Viviam num cesto de vime, porque ali o amor era mais quentinho. Viviam num cesto de vime, porque não cabiam mais noutro lugar. Viviam juntos num cesto de vime para não lembrar o que fora, do cesto de vime, aconteceu.
O mundo não precisava mais das suas velhices, então os descartou. Assim como se descarta cestos velhos de vime.
O cesto tinha rodinhas. Enquanto ela dormia, ele, certo do seu amor, saia de dentro e empurrava para algum lugar bonito. Assim, quando ela acordava ele dizia:
- seu sonho nos transporta.
O cesto tinha rodinhas. Enquanto ele dormia, ela, certa de seu amor, saia de dentro e empurrava para outros lugares. Assim, quando ele acordava ela dizia:
- seu sonho nos faz viajar.
O que os dois não sabiam é que cada um, na verdade, empurrava o cesto, enquanto o outro dormia, pois era chegada a hora do caminhão do lixo passar.

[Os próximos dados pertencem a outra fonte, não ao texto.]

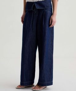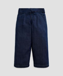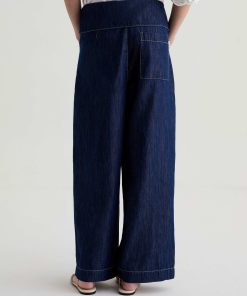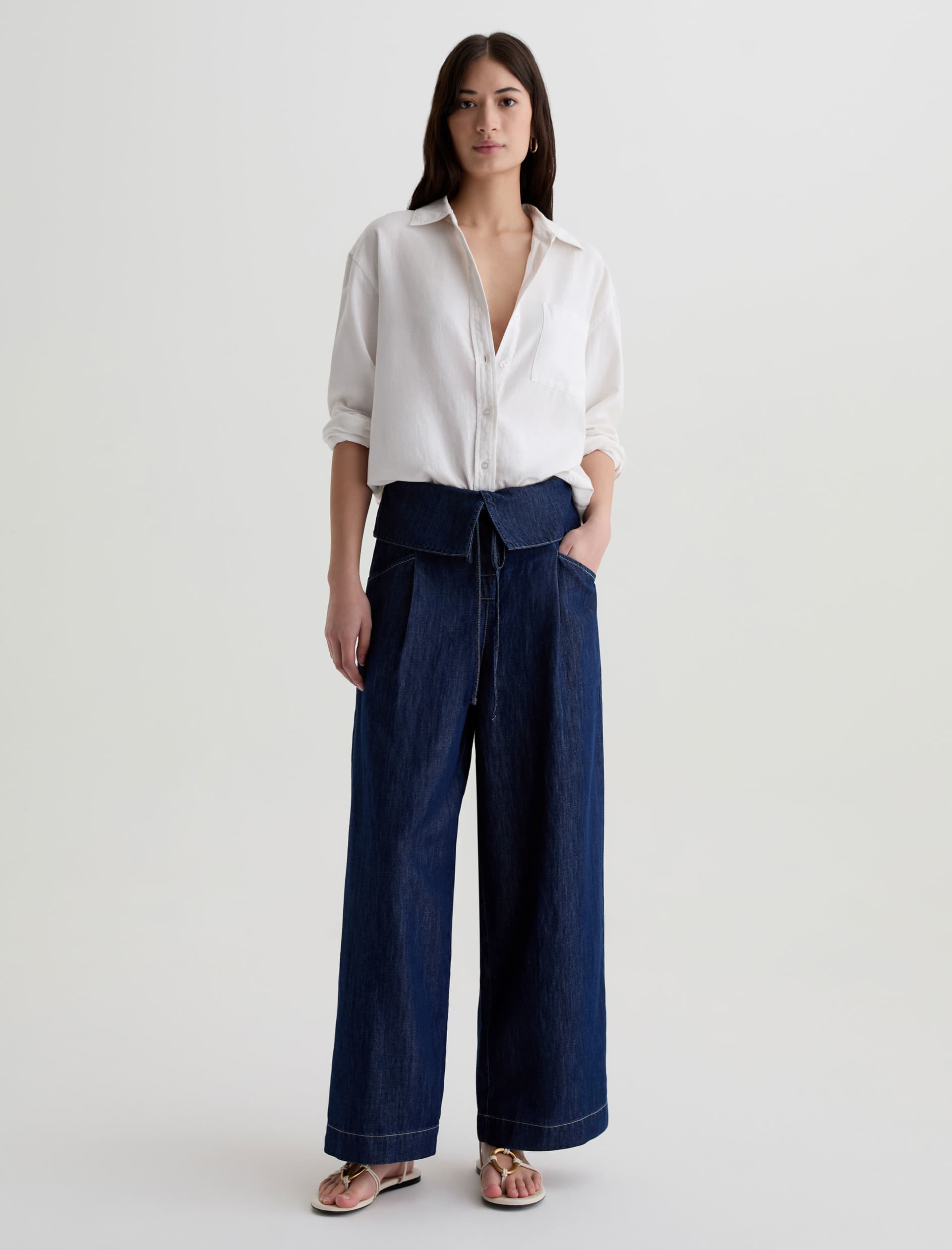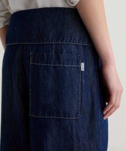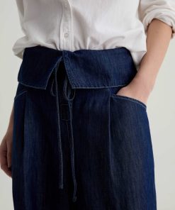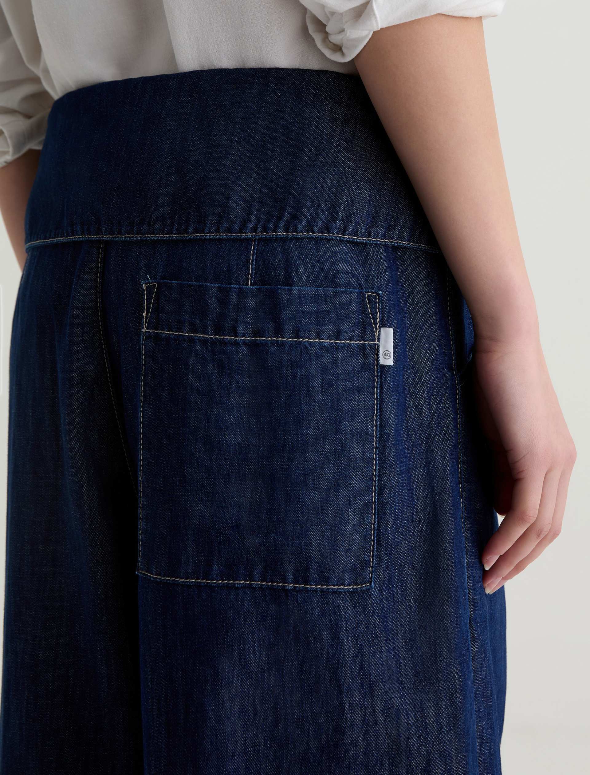 Shelvy is a Thai-inspired fisherman-style pant in Scarlett Irisblue Chambray, a blue wash that brings a relaxed, lived-in feel. Designed with a 26" inseam, it features a drawcord channel with a wide self-tie, a fold-over waistband, and a wide-turned hem for a relaxed yet polished look. Crafted for warm-weather lounging

Mas só o cesto, fiel confidente, sabia desses segredos.
Dentro do cesto de vime tinha fogão, geladeira, lanterna, máquina de lavar roupas, microondas, computador, aspirador de pó, liquidificador, batedeira, ferro de passar, mesa, cadeiras, um radinho de pilhas, sofá, televisão e DVD. Tudo em grafite em folha sulfite, menos o radinho e a lanterna.
E se amavam no cesto de vime.
O cesto era furadinho, como todo cesto de vime. A isso eles davam o nome de claraboia. O que facilitava à lua cheia. Já, em dias de chuva, brincavam de caverna e enquando a água entrava, fingiam que eram os estalactites que pingavam, daí podiam nadar, dentro do cesto, no lago natural que se formava. Pareciam duas crianças (apesar das idades avançadas), se divertiam, se amavam e se odiavam como elas.
A lua, já citada, era para eles a tela de um cinema, abriam a tampa do cesto e por horas a contemplavam. Gostavam de ver suas formas e seus preenchimentos. Quando a fase era nova, inventavam histórias para revelar o porquê se escondia.
E se amavam, com a dureza de se amar num cesto de vime. Se amavam na fome e na doença, na desgraça e na tristeza, no desconforto e na sujeira, no frio e no medo, até que a morte os separassem.
Ele, sozinho, já não tinha mais motivos para empurrar e se deixou levar com o cesto de vime.